[Data excerpt Boundary: Start]

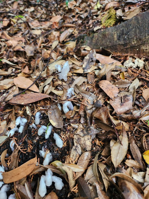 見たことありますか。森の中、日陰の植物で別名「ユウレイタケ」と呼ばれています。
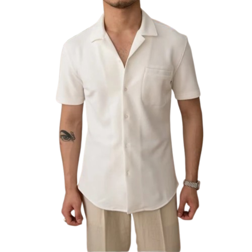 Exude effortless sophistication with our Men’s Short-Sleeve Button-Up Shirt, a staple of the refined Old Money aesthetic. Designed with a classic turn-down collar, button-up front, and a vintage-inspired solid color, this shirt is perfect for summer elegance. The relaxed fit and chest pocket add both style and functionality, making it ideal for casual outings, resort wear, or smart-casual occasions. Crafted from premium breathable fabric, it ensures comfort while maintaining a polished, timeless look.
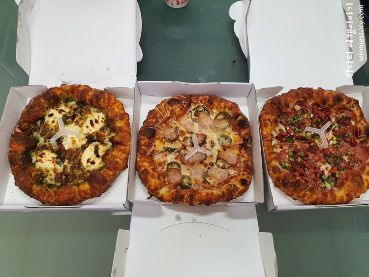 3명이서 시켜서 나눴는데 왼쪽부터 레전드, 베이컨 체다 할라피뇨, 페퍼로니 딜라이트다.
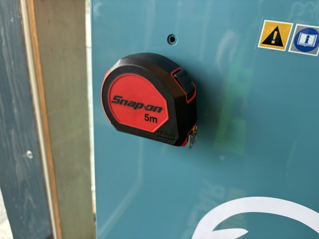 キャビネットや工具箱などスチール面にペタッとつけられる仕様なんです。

[Data excerpt Boundary: End]

Where a picture appears in the data, omit it; restate the rest word for word.

 見たことありますか。森の中、日陰の植物で別名「ユウレイタケ」と呼ばれています。
 Exude effortless sophistication with our Men’s Short-Sleeve Button-Up Shirt, a staple of the refined Old Money aesthetic. Designed with a classic turn-down collar, button-up front, and a vintage-inspired solid color, this shirt is perfect for summer elegance. The relaxed fit and chest pocket add both style and functionality, making it ideal for casual outings, resort wear, or smart-casual occasions. Crafted from premium breathable fabric, it ensures comfort while maintaining a polished, timeless look.
 3명이서 시켜서 나눴는데 왼쪽부터 레전드, 베이컨 체다 할라피뇨, 페퍼로니 딜라이트다.
 キャビネットや工具箱などスチール面にペタッとつけられる仕様なんです。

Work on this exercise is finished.